Between Camp III at 20100 ft and the top of the Rock Band at 24750 ft, the average slope is 55°. (Note: Bonington compares this with 44° on the Brenva face of Mont Blanc and 61° on the Walker Spur of the Grandes Jorasses.)

Locations of camps on mountain
| Camp | Altitude |  | Occupied | Description |
| feet | metres |
| Temporary Base | 12,000 | 3,700 | 28 March | sited at Base Camp of 1957 Machapuchare expedition |
| Base | 14,000 | 4,300 | 31 March | side of Annapurna glacier |
| Camp I | 16,000 | 4,900 | 2 April | on "rognon" (island of rock in glacier) |
| Camp II | 17,500 | 5,300 | 6 April | under rock overhang |
| Camp III | 20,100 | 6,100 | 13 April | large, flat area at Col |
| Camp IV | 21,300 | 6,500 | 23 April | sloping 30° on Ice Ridge |
| dump | 21,650 | 6,600 | 11 May | col at top of Ice Ridge |
| temporary Camp V | 22,500 | 6,900 | 6 May | foot of Ice Wall, vulnerable to snow sliding from above |
| Camp V | 22,750 | 6,930 | 9 May | bergschrund at foot of Rock Band |
| Camp VI | 24,000 | 7,300 | 19 May | tiny platform carved in snow at top of Flat Iron |
| Summit | 26,545 | 8,091 | 27 May |  |

===To Camp III and abortive start up Ice Ridge===
Whillans and Haston had found a difficult route across the glacier and up to a rognon – an island of rock on a glacier – where Camp I was planned, and then reached the flattish top of the rognon where Camp I would be just far enough away from the face – about a mile away – to avoid avalanche danger. Bonington and Burke relocated the lower part of the route, hoping to make it suitable for porters.

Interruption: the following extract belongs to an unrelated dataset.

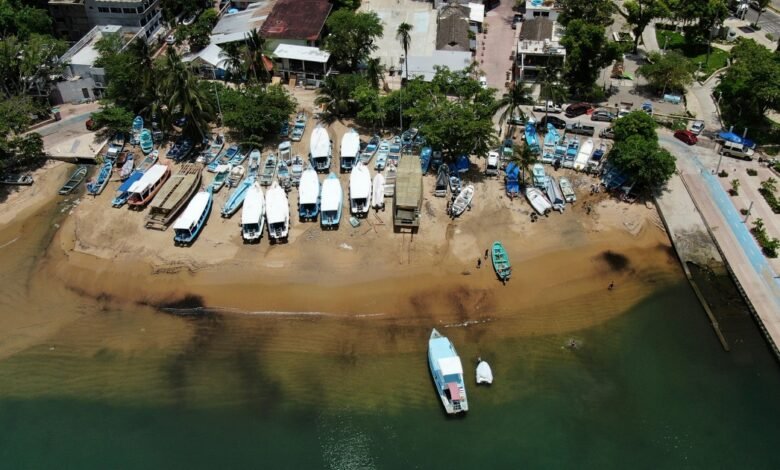 Las olas se estrellaban contra la Esplanada en Puerto Escondido al anochecer, inundando botes de pesca de madera que habían sido arrastrados allí por seguridad. La playa desapareció bajo olas, y la marea ascendente ya había llegado a los interiores de algunos restaurantes frente al mar.
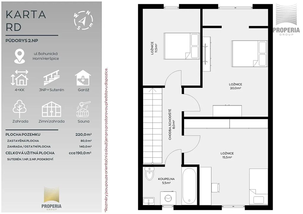 •	zastavěná plocha: 80 m² (podlahová plocha jednoho podlaží cca 60 m²)

The ridge they were to use at the start of the climb was straightforwardly approached across the glacier, but steep cliffs barred the way onto the ridge itself, so they skirted these on the right to reach a site for Camp II, lower than hoped for but with nowhere suitable immediately higher. For a short distance the route was seriously threatened by an ice overhang which they called the "Sword of Damocles," but they decided to reduce the risk by moving under it as quickly as possible.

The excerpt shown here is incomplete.